El filme de mi amigo es de escasos recursos, no puede apelar a efectos
especiales ni a proezas visuales. La diligencia, de John Ford, un
clásico que goza de buena salud y lozanía, es su modelo. Luego,
los patrulleros vuelcan y los protagonistas logran escapar de la policía. Al
rato detienen el coche, y mientras cuentan el dinero se produce el segundo
y último plot point del filme. El
muchacho empuña el revólver, mata a la chica y la arroja afuera del
auto. Sucesivas
imágenes lo muestran mientras sube al avión y, al final, sentado en una
cafetería de París vestido de elegante sport. Mi
carta fue apasionada: el filme era valioso. Su único propósito había
sido entretener, pero fue esa humildad la que le permitió concretar una
obra de calidad. Ése y no otro fue el objetivo del gran maestro Alfred
Hitchcock. Esperé
la respuesta con una ansiedad enfermiza. Estaba orgulloso de cartearme con
un tipo tan inteligente. Si
alguna vez él volvía a Buenos Aires, ¡qué panzada de cine nos íbamos
a dar! Por lo menos veríamos películas desde las dos de la tarde hasta
la una de la madrugada. Después nos iríamos a comer a algún boliche y
discutiríamos sobre tal o cual realizador. ¡Qué fiesta maravillosa! Contra
todo lo esperado, la contestación fue desalentadora. No sé, posiblemente
haya que hablar de azar o de una extraña coincidencia. Mi
amigo fue poco claro al empezar la carta. Antes se había caracterizado
por su capacidad de síntesis y su lenguaje directo. Esta vez necesitó
muchos rodeos para explicarse. La
película que yo había visto no era la suya. Tenía idéntico título y
el nombre del director era el mismo que el de su seudónimo.
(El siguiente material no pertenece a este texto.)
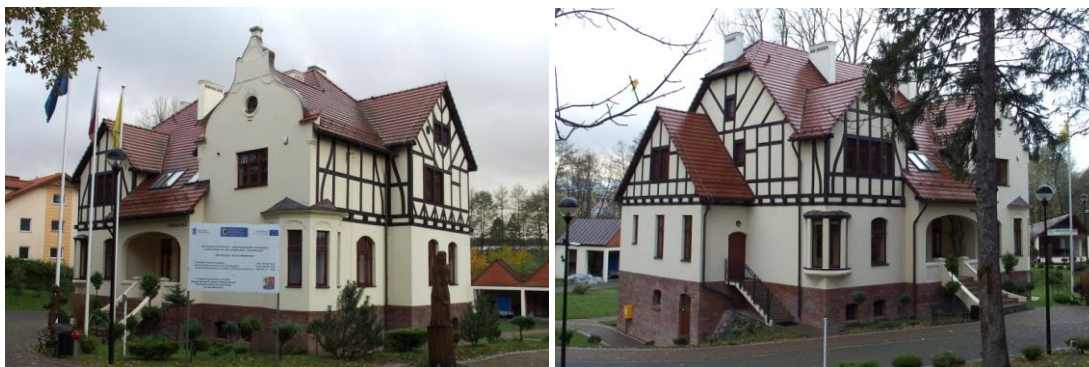
Zdjęcia nr 23, 24. „Dworek Drzewiarza”, ul. Drzewiarza 2 w Gościnnie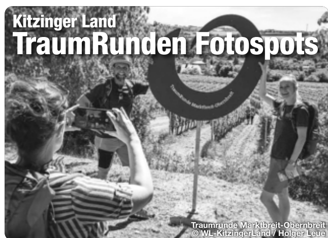
Traumrunde Marktbreit-Obernreit

Die Weinstadt ist das Zentrum der Mainschleife und hat eine über 1.100jährige Ortsgeschichte, ganz im Zeichen des Frankenweins, vorzuweisen. TreffpunktDeutschland.de/volkach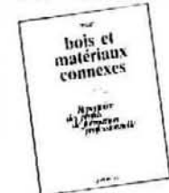
Collection Répertoire des profils de formation professionnelle

Commande postale Les Publications du Québec Case postale 1305 Québec (Québec) G1K 2B5 Vente et information (418) 643-5150 Sans frais 1 800 463-2100 Télécopieur (418) 643-5177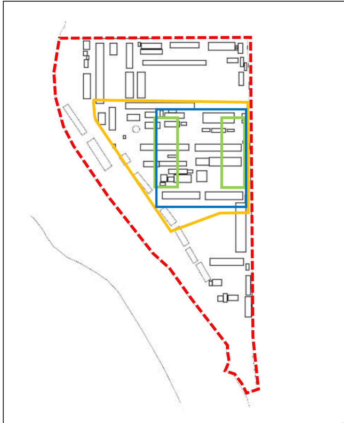
中国軍管区輜重兵補充隊の施設跡地と発掘調査区域等の比較（イメージ図）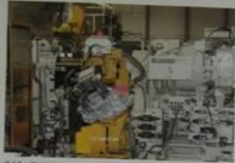
ダイキャストマシン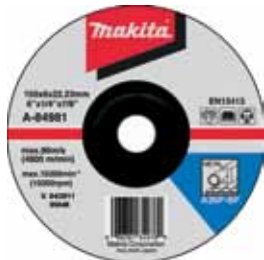
A-84981 Brúsny kotúč na kov 150 x 6 x 22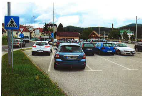
Sevnica, parkirišče ob krož. Šmarska-Planinska

- med 12.00 in 15.10: evidentiranje javnih parkirišč, ugotavljanje njihovih kapacitet, zasedenosti v opoldanski konici in drugih lastnosti (na slikah je nekaj primerov)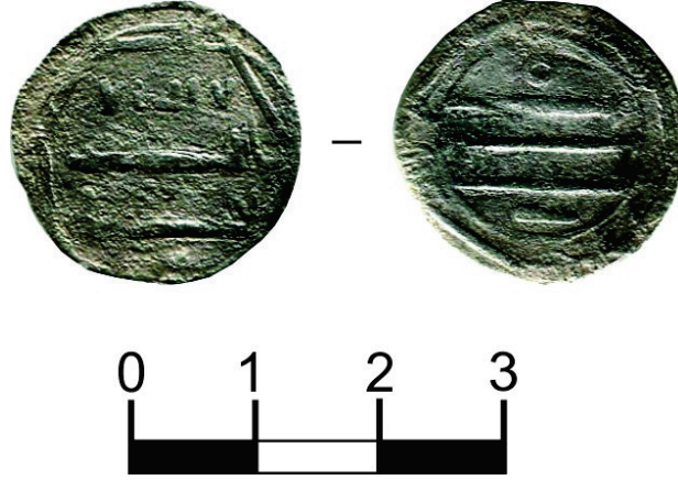
Resim 3: Tunus'ta Abbasi Halifeliği adına basılmış gümüş dirhem (VIII. yy)

https://www.rgo.ru/en/article/threshold-great-discovery-archaeologists-begin-excavations-legendary-capital-khazar , 9. 11. 2024 sa. 18:00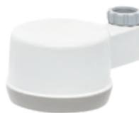
Starterset legionella kraanfilter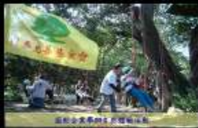
協助企業舉辦戶外環保活動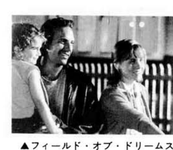
▲フィールド・オブ・ドリームス

●失ったものは帰ってくる! 自主上映会のお知らせ 長岡から映画館がなくなって4か月が経ちました。この自主上映会は市民映画館を作るための旗揚げの行事です。ぜひご覧になって、映画の魅力、迫力、感動を存分に味わってください。 上映作品①フィールド・オブ・ドリームス(1989年アメリカ) 日時②7月14日(日)午後1時20分～9時(3回上映、間にシンポジウムを開催) 会場③長岡市立劇場 高校生以上1,000円、小・中学生500円(当日は500円増し) 市内のプレイガイドでお求めください。問い合わせ④市民映画館をつくる準備会(長岡商工会議所内) ☎32-145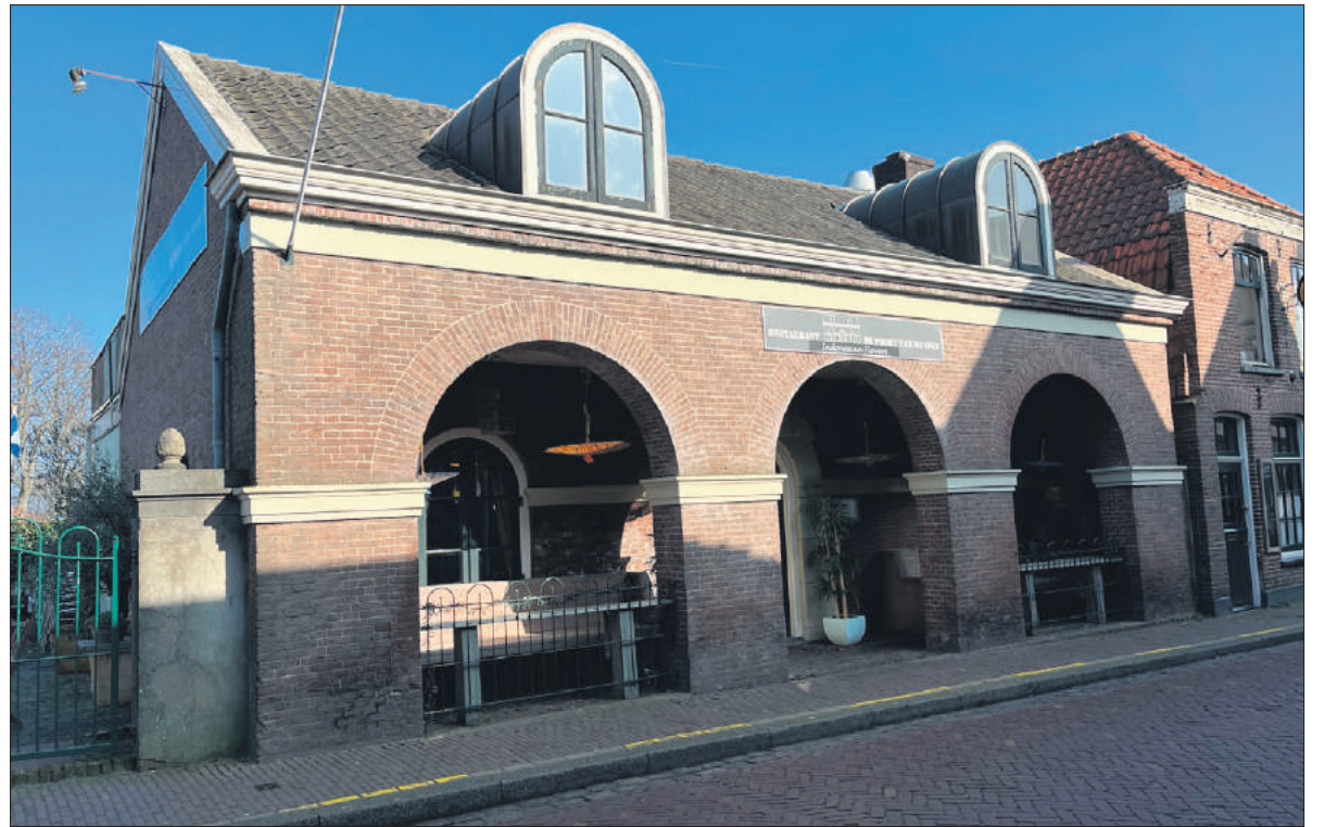
■ De Poort van Muiden nu.

Omdat men vanaf 1850 rekening hield met een Pruisische inval in Nederland, versterkte men de fortificaties en de poorten: de Keetpoort, de Weesperpoort en de Naarderpoort. Hiervoor was personeel nodig en dat moest worden ondergebracht. Het pand werd in 1855 verkocht aan het Koninkrijk der Nederlanden. Alle opstallen werden gesloopt en tekening en bestek voor nieuwbouw werden in november 1855 goedgekeurd. Op de tekening wordt het nieuwe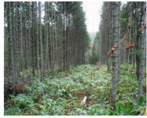
間伐後のトドマツ人工林(遠別) 森林共同施業団地協定調印式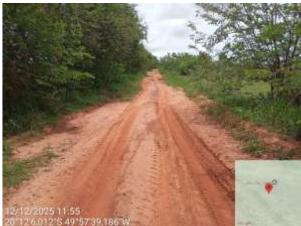
AVF - 500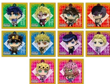
トレーディングステッカー(全20種) 価格：350円 ※ランダム2枚封入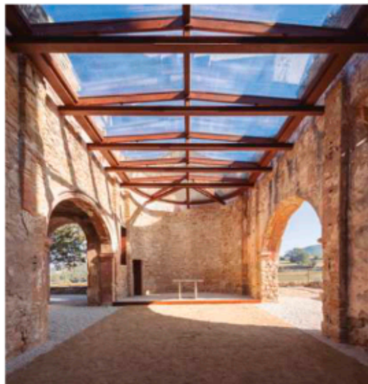
Rehabilitación Iglesia Sant Esteve, Marganell (BCN)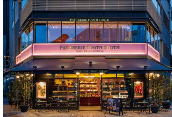
神戸の洋菓子屋「PATISSERIE TOOTH TOOTH 本店」

1986年、神戸・トアウエストの路地裏の片隅で開業した「TOOTH TOOTH」。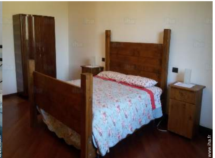
vue depuis la chambre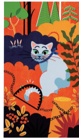
ピニャ・メレトヤ(フィンランド) 「ネコのカスリと森の動物シェルター」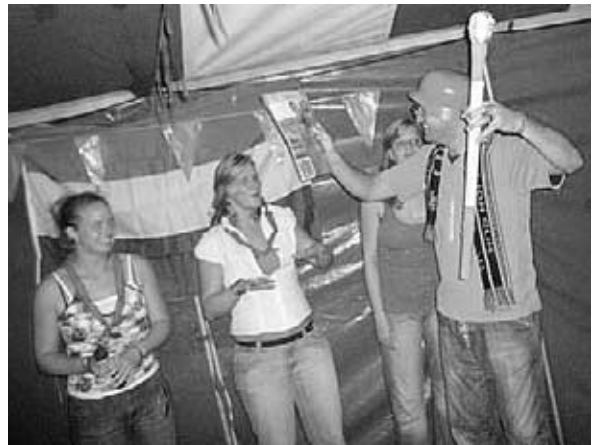
Karst ontvangt de eretitel 'Mr. Oranje'

Na wat ontspanning en afwassen, gingen we weer naar het feest. Deze avond zou er een "boer zoekt vrouw" verkiezing zijn. Van de 5 boerinnen die op het podium stonden werd de boer opslag verliefd op een van onze Vughtse gasten, en was er wederom een titel veroverd.

Pero eran
distintos filmes. Él
trataría por todos los medios de localizar la película que yo le relaté,
y me encomendaba que yo ubicara en Buenos Aires la suya. Y me hizo una
pequeña sinopsis del argumento. Una
joven profesora de un colegio bilingüe porteño recibe una beca para
perfeccionar inglés durante dos meses en una universidad de Phoenix, en
Arizona, donde se instala. Allí los fines de semana suele recorrer los
hermosos paisajes que la rodean. De paso, practica leyendo novelas de
escritores norteamericanos sentada a la sombra de un árbol. En
una de esas lecturas conoce a un pintor de estilo realista y que expone en
salas de la universidad. La profesora le cuenta que es casada y que tiene
tres hijos en edad escolar. El pintor es mayor que ella, y sus dos hijos
varones ya se han independizado: uno está viviendo en Hartford y el otro
en Dover. La esposa sufre de tremendas depresiones y a veces se pasa
largas temporadas sin levantarse de la cama. Se
enamoran y viven un amor turbulento. Esta pasión es mal vista en la
comunidad universitaria. Finaliza
la beca y la joven debe volver a Buenos Aires. Entonces le habla al pintor
–que está dispuesto a irse con ella a la Argentina– con suma crudeza.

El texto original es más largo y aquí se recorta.